Search papers, labs, and topics across Lattice.
HARBOR is a novel framework designed to automate the reinforcement learning (RL) workflow for robotic tasks, addressing the significant engineering challenges that hinder broader adoption of RL in sim-to-real applications. By framing the automation as a harness-engineering problem, HARBOR decomposes high-level objectives into manageable stages executed by specialized agents, enabling efficient environment setup, policy training, and reward design. The evaluation across 6 benchmarks and 16 tasks demonstrates that HARBOR not only reduces engineering effort and costs but also produces transferable policies that can be effectively deployed on real robots.
Automating the RL workflow with HARBOR cuts engineering costs and enhances policy transferability to real-world robots.

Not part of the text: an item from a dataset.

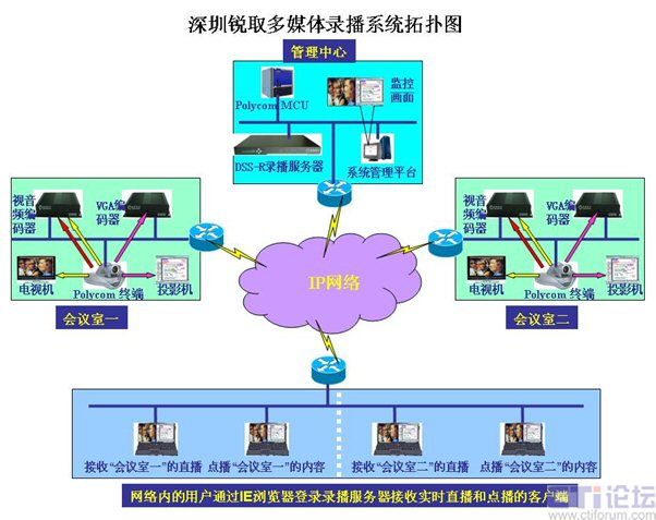 錄播服務(wù)器放置在管理中心,視音頻編碼器(采集聲音、圖像)放置在會(huì)議室,VGA編碼器(采集VGA信號(hào))放置在會(huì)議室,客戶端分別為網(wǎng)絡(luò)內(nèi)的任意一臺(tái)計(jì)算機(jī)。整個(gè)系統(tǒng)簡單明了,分布靈活,無需專業(yè)布線即可完成安裝。各部分功能如下:

Reinforcement learning (RL) has become a powerful paradigm for robot learning, particularly in sim-to-real settings, but its broader adoption remains limited by the engineering pipeline surrounding the algorithms. Building tasks, shaping rewards, and tuning hyperparameters require substantial expert effort, making RL workflows costly and difficult to scale. We introduce HARBOR, an agentic framework that frames robot RL automation as a harness-engineering problem: given a simulator codebase and a task specification, it automates the workflow from environment setup to policy training in simulation. HARBOR decomposes such high-level objectives into bounded stages executed by specialized agents through standardized commands, persistent artifacts, executable gates, and reusable knowledge, and scales iteration via decentralized parallel trials and experience learning across runs. We evaluate HARBOR across 6 benchmarks and 16 tasks in total, spanning manipulation, locomotion, and bimanual dexterous control. We demonstrate that HARBOR automates the simulation RL workflow end-to-end, designs rewards, tunes algorithms to match or improve over default configurations, and reduces engineering effort at practical token and wall-clock cost; the resulting policies can also be transferred to real robots.